Download or read book The Oxford Handbook of Levinas written by Michael L. Morgan and published by Oxford University Press. This book was released on 2019-04-10 with total page 800 pages. Available in PDF, EPUB and Kindle. Book excerpt: Emmanuel Levinas (1906-1995) emerged as an influential philosophical voice in the final decades of the twentieth century, and his reputation has continued to flourish and increase in our own day. His central themes--the primacy of the ethical and the core of ethics as our responsibility to and for others--speak to readers from a host of disciplines and perspectives. However, his writings and thought are challenging and difficult. The Oxford Handbook of Levinas contains essays that aim to clarify and engage Levinas and his writings in a number of ways. Some focus on central themes of his work, others on the ways in which he read and was influenced by figures from Plato, Hobbes, Descartes, and Kant to Blanchot, Husserl, Heidegger, and Derrida. And there are essays on how his thinking has been appropriated in moral and political thought, psychology, film criticism, and more, and on the relation between his thinking and religious themes and traditions. Finally, several essays deal primarily with how readers have criticized him and found him wanting. The volume exposes and explores both the depth of Levinas's philosophical work and the range of applications to which it has been put, with special attention to clarifying why his interests in the human condition, the crisis of civilization, the centrality and character of ethics and morality, and the very meaning of human experience should be of interest to the widest range of readers.

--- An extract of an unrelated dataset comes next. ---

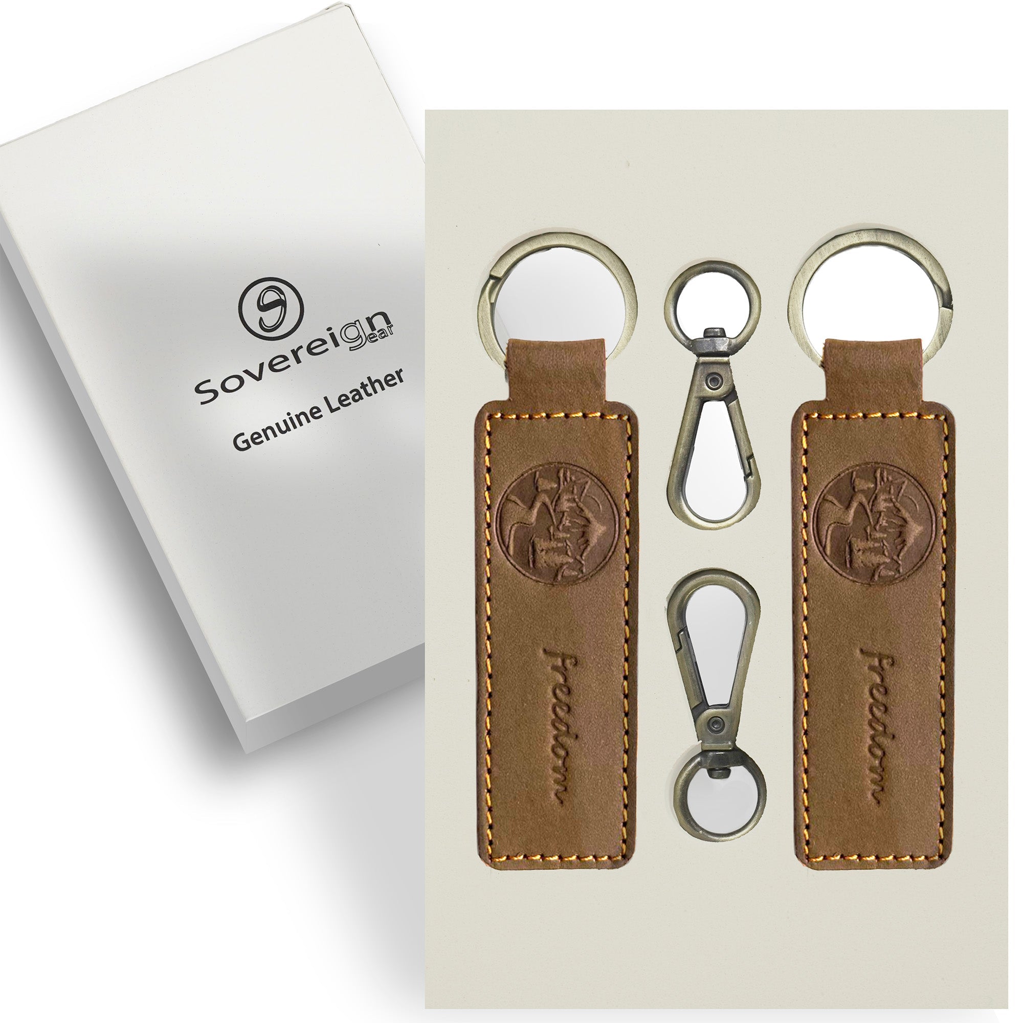 - PREMIUM GENUINE LEATHER KEYRING SET Crafted from high-quality real leather, this duo of Sovereign-Gear leather keyrings delivers timeless style and exceptional durability. The soft yet robust finish gives each leather key fob a refined look, perfect for everyday use or as a thoughtful gift. A classic addition to your keyring leather collection.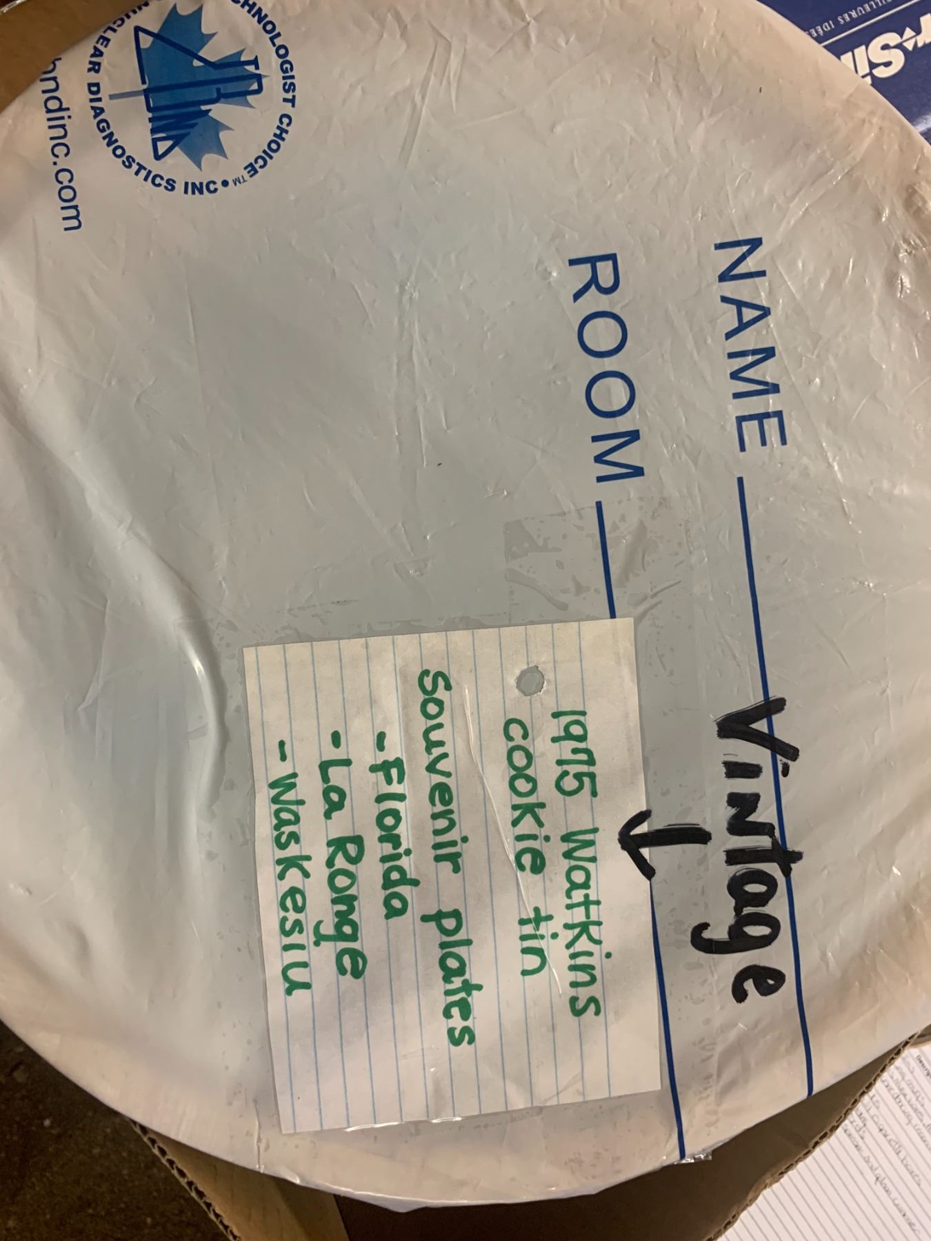 1975 Watkins cookie tin and 3 souvenir plates - Florida, La Ronge, Waskesiu

Book Otherwise Than Being or Beyond Essence

Download or read book Otherwise Than Being or Beyond Essence written by E. Levinas and published by Springer Science & Business Media. This book was released on 1981-07-31 with total page 248 pages. Available in PDF, EPUB and Kindle. Book excerpt: A sequel to Levinas' Totality and Infinity. Offers a fundamentally original theory of the ethical relationship and describes the face-to-face relationship, sensibility, responsibility, and speech. First published in 1974 as Autrement qu'etre by Dordrecht Netherlands; the English translation was published by Kluwer in 1981 and 1997. Annotation copyrighted by Book News, Inc., Portland, OR

Book Beyond the Verse

    Book Details:
  • Author : Emmanuel Levinas
  • Publisher : A&C Black
  • Release : 1994-01-01
  • ISBN : 9780485114300
  • Pages : 248 pages

Download or read book Beyond the Verse written by Emmanuel Levinas and published by A&C Black. This book was released on 1994-01-01 with total page 248 pages. Available in PDF, EPUB and Kindle. Book excerpt: Available in paperback for the first time, this is an important collection of essays dealing with problems in Jewish thought.